As you can see, the `multiset_comb` function give us a sequence of indices to
select. When we iterate through this sequence, we select the first, second, and
third feature. 

You might notice that the output of `multiset_comb` is converted to a list. This
is because the function gives a *generator* that does not store anything but
generates results on the go. One certain advantage of generators over lists is
that they take minimal memory. However, this means you cannot index a generator
like you index a list, and you need to reset the generator once you finish a
loop if you want to reuse it. Generators are useful when we need to generate a large
group of things but only need to use a fraction of them. In our project this is
not a big deal. You can read more about generators in Python's official
documentation.

We can map these indexes to select these features: 

In [4]:
Feature_Names = ["Color", "Shape", "Size"]
for pos in Feature_Positions:
    feature_index = pos[0]
    print("Current Feature Selection:", Feature_Names[feature_index])

Current Feature Selection: Color
Current Feature Selection: Shape
Current Feature Selection: Size


Next, we know that each feature has two states. When a feature is selected,
there are two states this feature specification can take. We will use
`multiset_comb` in a similar manner to generate the two states.

In [5]:
Features = [["Red", "Blue"], ["Circle", "Square"], ["Large", "Small"]]
Feature_States = list(multiset_comb(2,1))
for st in Feature_States:
    state_index = st[0]
    print("Current Feature State for Color:", Features[0][state_index])

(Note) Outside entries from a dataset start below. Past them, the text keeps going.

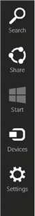 Start – Takes you to the Start screen or, if you're already on the Start screen, returns you to your last app Devices – Allows you to manage your hardware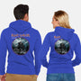 50% cotton, 50% polyester. Classic fit. Metal zipper and pouch pockets. Artwork printed on the back. Wash inside-out in cold water and hang on tumble dry on low heat to maximize the life of your sweatshirt.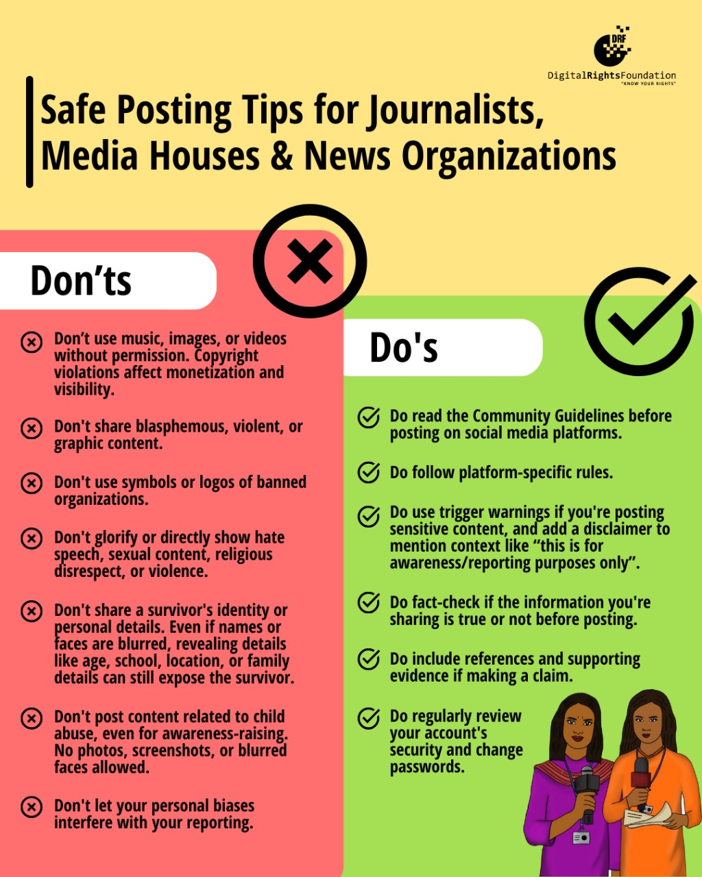 The Digital Security Helpline produced a checklist for safe posting tips for journalists and media personnel, such as adding trigger warnings or reading Community Guidelines.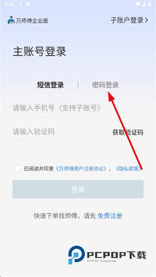 2、在主账号登录页面,点击密码登录选项,切换到密码登录界面。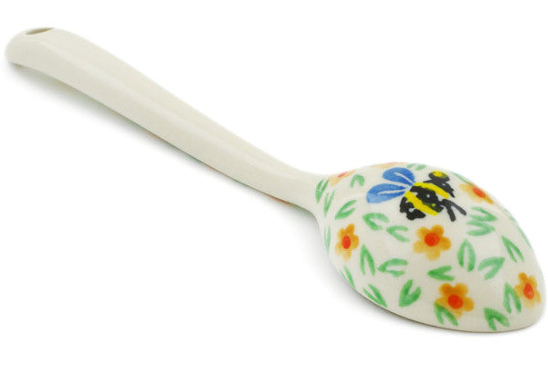 This Honey Bee 6" Spoon was handmade and hand decorated in Boleslawiec, Poland by skilled artisans according to old traditional methods. This Polish stoneware is microwave, dishwasher, freezer, and oven safe up to 480°F. It does not contain lead or cadmium. It is part of the Honey Bee Collection.

Current Feature State for Color: Red
Current Feature State for Color: Blue


Now we need to combine the two lists together. This is relatively simple,
because the feature states and feature positions are independent. This means we
can just get the Cartesian product of the two list to get all possible combination of
positions and states:

In [6]:
All_Rules = list(product(Feature_Positions, Feature_States))
for rule in All_Rules:
    print(rule)

((0,), (0,))
((0,), (1,))
((1,), (0,))
((1,), (1,))
((2,), (0,))
((2,), (1,))


Each iteration give us a pair of indices, with the first and second indicating
the position and state of the features. We can them map them to the actual
features to form rules:

In [8]:
for rule in All_Rules:
    pos = rule[0][0]
    st = rule[1][0]
    print(Feature_Names[pos],":",Features[pos][st])

Color : Red
Color : Blue
Shape : Circle
Shape : Square
Size : Large
Size : Small


This will give you all $6$ Type-Singular rules that have only $1$ feature
specification. You can generalize this process to rules that have $2$ and $3$
feature specifications. For example, when you use `multiset_comb` to generate
the position of $2$ features, you will get a sequence of pairs of indices:

In [9]:
Two_Specs_Pos = list(multiset_comb(3,2))
for pos_pair in Two_Specs_Pos: print(pos_pair)

(0, 0)
(0, 1)
(0, 2)
(1, 1)
(1, 2)
(2, 2)


You will need to figure out a way to apply this same process for the rules with
2 and 3 feature specifications. Specifically, your tasks are:
1. **Develop a way to represent the rules.** Keep in mind that your rule
   representation should be made in a way that it is easy to verify whether a
   given object combination satisfy the rule (you should consider situations
   where 3 objects show up together to account for the generalization stimuli). Also, you should keep your rule representation
   to be uniform, so it's a good idea to read the next section about counting
   conjunctions before deciding on a uniform representation of the rule
   famileis.
2. **Generate all the $26$ rules in the Type-Singular rule family**.
3. **Select $3$ representative rules from this family and verify that they accept
   and reject all $36$ stimuli correctly.**

In [None]:
# Your code here

## 1c. Counting Conjuntion Rule Representation
Generally speaking, a counting conjunction rule takes the following form:
$$
\exists_o^{=2}[\text{Color(o) = Red}] \land \exists_o^{=1}[\text{Shape(o) =
Circle}] \land \exists_o^{=0}[\text{Size(o) = Large}]
$$
Intuitively, this says *there are two red things, exactly one circle, and no large thing*. Note that the counting conjunction rules *do not* care
about the distribution of these features within the two objects. As long as the
features of the two object added together satisfy the specifications, the
stimulus satisfy the rule. Again, here are some constraints:
1. There is at least $1$ feature specification and at most $6$.
2. Each feature specification can count to $0$, $1$, and $2$
3. Exclude the rules that has no positive extensions (e.g., rules that asks for
   $2$ large things and $2$ small things)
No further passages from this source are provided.